Productivity is also dragged down by small businesses. Yet public policy continues to favor small firms in ways that enable them to hold a larger market share than their productivity would otherwise warrant.
There is a final big reason for the gap between innovation amounts and productivity rates. For over 75 years, economics has been based on statistical analysis, and innovation statistics have a very hard time differentiating between what Clay Christensen called disruptive innovation and sustaining innovation, or between general-purpose technology and incremental technology.
Economists look at all 15 patents listed above as 15 innovations, full stop.
But what really drives productivity is the emergence of critical general-purpose technologies that substantially increase in performance, decrease in price, and are used in a wide array of functions across the economy.
As I wrote in The Past and Future of America’s Economy: Long Waves of Innovation That Power Cycles of Growth, steel was a GPT, as was electricity, electronics, the postwar chemistry revolution, and, more recently, computers and the internet. But these true, initial GPT breakthroughs are rare.
When these GPT technologies move up the S-curve and become cheap enough and powerful enough, they are widely adopted and drive productivity growth for two to three decades. The problem now is that we are between technology long waves.
We have no technology driving the next big surge in productivity. Certainly not a bulk shrub harvester. Not the smartphone. Not crypto. Not 5G. Hopefully, AI and the related technologies of autonomy and robotics will be that next big GPT. But they certainly aren’t now.
LLMs like ChatGPT and Claude, for all their hype, are extensions of past internet technologies, not fundamental changes. And robotics are not cheap enough or good enough to perform most physical functions. They are a bit like electric motors in the early 1900s: expensive, not very versatile, and underpowered.
It took another 10 to 20 years of technological improvement before electric motors finally began to appear in productivity statistics. Hopefully, we won’t have to wait that long for the next GPT to mature.
And this gets to the key problem in economics: As a statistical field, it is largely useless in explaining the slowdown of productivity growth or how it might turn around. For that, one needs a deep, qualitative understanding of technology, science, and engineering—not patent counts.

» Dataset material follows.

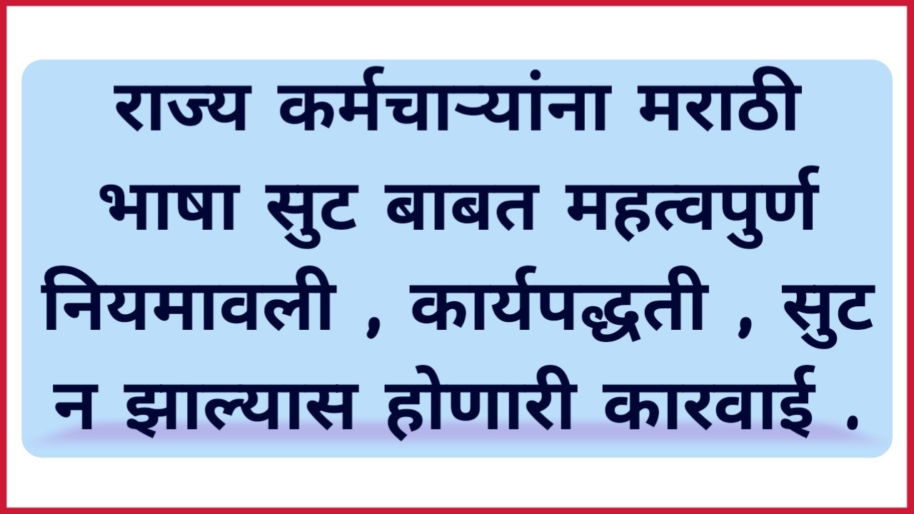 राज्य कर्मचाऱ्यांना मराठी भाषा सुट बाबत महत्वपुर्ण नियमावली , कार्यपद्धती , सुट न झाल्यास होणारी कारवाई .

If this is the case, then much of what economists look at to understand growth is largely meaningless. We could have the best regulatory system, the best tax system, etc., and without a strong GPT, the natural limits to growth will remain relatively low.
So, it’s unrealistic to expect economists to develop a national GPT strategy. But others, those with a deeper understanding of science, engineering, and business, can contribute to that. And that is what we need.
Imagine if government policy could accelerate the maturity of the next GPT by a decade and then accelerate adoption on the S-curve of full deployment by another decade. Now you’re talkin’ real money.